The Government released a report in April 2014 entitled “Transparency & Trust: Enhancing the Transparency of UK Company Ownership and Increasing Trust in UK Business”, which put forward some proposals for change in corporate regulation. The changes primarily focus on reducing complexity in UK corporate structures, including a proposed ban on corporate directors (i.e. a company being appointed director of another company). In the pensions industry this may have an unintended side effect, by preventing independent professional trustee companies from acting as a director on the board of a corporate trustee company.
The board of trustees is arguably the most important mechanism in a pension scheme. The trustees are responsible for ensuring the smooth running of the scheme, protecting the members’ interests and keeping everything in working order. Trustee boards come in many shapes and sizes, however, for many schemes a popular model has been for the employer to set up a corporate trustee company to look after the scheme, appointing individuals and often professional trustee companies as directors, to manage the trustee company and its duties to the scheme.
However, the Government’s paper on transparency and trust may force many schemes to restructure the composition of their trustee boards. The Government’s aim is to harvest economic growth by improving accountability and transparency in UK companies, creating more trust in the structure of UK businesses. One proposal is a prohibition on the use of corporate directors of companies. This could prevent independent trustee companies from taking appointments as a director on corporate trustee boards.
Achieving transparency and trust are two key aims of an employer when appointing a professional independent trustee to act as a director of its corporate trustee company. Aside from adding a wealth of professional knowledge, experience and resources, professional trustees can add greater transparency and increase trust in corporate trustee boards. This is particularly so when the majority of the other directors may be individuals who also have senior roles within the scheme’s employer and face a daily challenge of managing conflicts of interest between their responsibilities to the company and to the scheme. In this context and specifically in relation to corporate trustees of pension schemes, the government’s proposals appear counter intuitive.

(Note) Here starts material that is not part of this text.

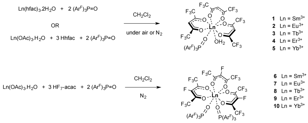 A series of lanthanide tris hexafluoroacetylacetonate (hfac) and heptafluoroacetylacetonate (F7-acac) bis perfluorinated tris aryl phosphine oxide complexes were originally targeted by two synthetic routes as outlined in Scheme 1. Either treatment of prepared Ln(hfac)3·2H2O [28] with two equivalents of (ArF)3PO (tris(pentafluorophenyl)phosphine oxide) in CH2Cl2 at room temperature sonicated for one hour or a one pot reaction of the corresponding lanthanide acetate, protonated β-diketonate and two equivalents of (ArF)3PO [41] at 2 × 10−3 M concentrations heated to reflux temperature for one hour yielded the complexes [Ln(hfac)3{(ArF)3PO}(H2O)] and (ArF)3PO (Ln = Sm3+, Eu3+, Tb3+, Er3+ and Yb3+, 1–5) and [Ln(F7-acac)3{(ArF)3PO}2] (Ln = Sm3+, Eu3+, Tb3+, Er3+ and Yb3+, 6–10) in moderate yields (26%–59%) after recrystallization from CH2Cl2 solutions (as verified by single crystal X-ray diffraction analysis). Interestingly, conducting the reactions in dry CH2Cl2 under air sensitive conditions at higher concentrations (1 × 10−2 M) in order to promote bis phosphine oxide substitution with the labile coordinated water molecules in the parent lanthanide acetate or β-diketonate complexes, resulted solely in the isolation of the mono phosphine oxide substituted complexes for the hexafluorinated β-diketonate hfac [47], whereas only the bis phosphine oxide substituted derivatives were isolated with the heptafluoro β-diketonate F7-acac using both standard and dry solvents in similar conditions (Scheme 1). This interesting divergence in reactivity can be attributed to the greater electron withdrawing effects of the F7-acac ligand relative to the hfac β-diketonate which promotes a higher affinity for the second phosphine oxide to bind to the electropositive lanthanide(III) metal centres. In the case of the hfac reactions, adjusting the stoichiometry of the phosphine oxide accordingly, resulted in slightly improved product yields in most cases apart from complex 4 (44%–53%).

For pension schemes to lose the benefits that professional independent trustees can offer is clearly undesirable. There are several possibilities which could avoid this scenario:
- The report envisages exceptions to the prohibition on the use of corporate directors of companies and specifically states that the use of corporate trustees should continue. The paper lists exceptions for entities which in the Government’s view, should still be able to make use of corporate directors. However, corporate trustees of pension plans do not make the list of exemptions. The professional trustee community is lobbying the Government to bring the need for an exception to its attention, however it is possible that schemes will have to look at alternative structures when appointing independent trustees.
- If the changes come in as proposed, a solution may be for pension schemes simply to appoint individual professionals from their independent trustee company to sit on the board of the corporate trustee. This is also a common way for an independent trustee to be appointed and it is arguable that this would make little difference in practice for the scheme – the scheme would still have access to all the expertise and resources of the professional trustee company, despite only having one individual as director. This action would still require a change, as the independent trustee company would need to step down as a director and replaced by the individual.
- A third option is for schemes to revert to a non-corporate structure, i.e. setting up a traditional board of trustees where each trustee is appointed under the terms of the scheme’s trust deed and rules, rather than joining a corporate structure as a director.
It is clear that pension schemes will need to monitor the proposals as they develop, and many corporate trustees may have to take action if the Government continues its present course.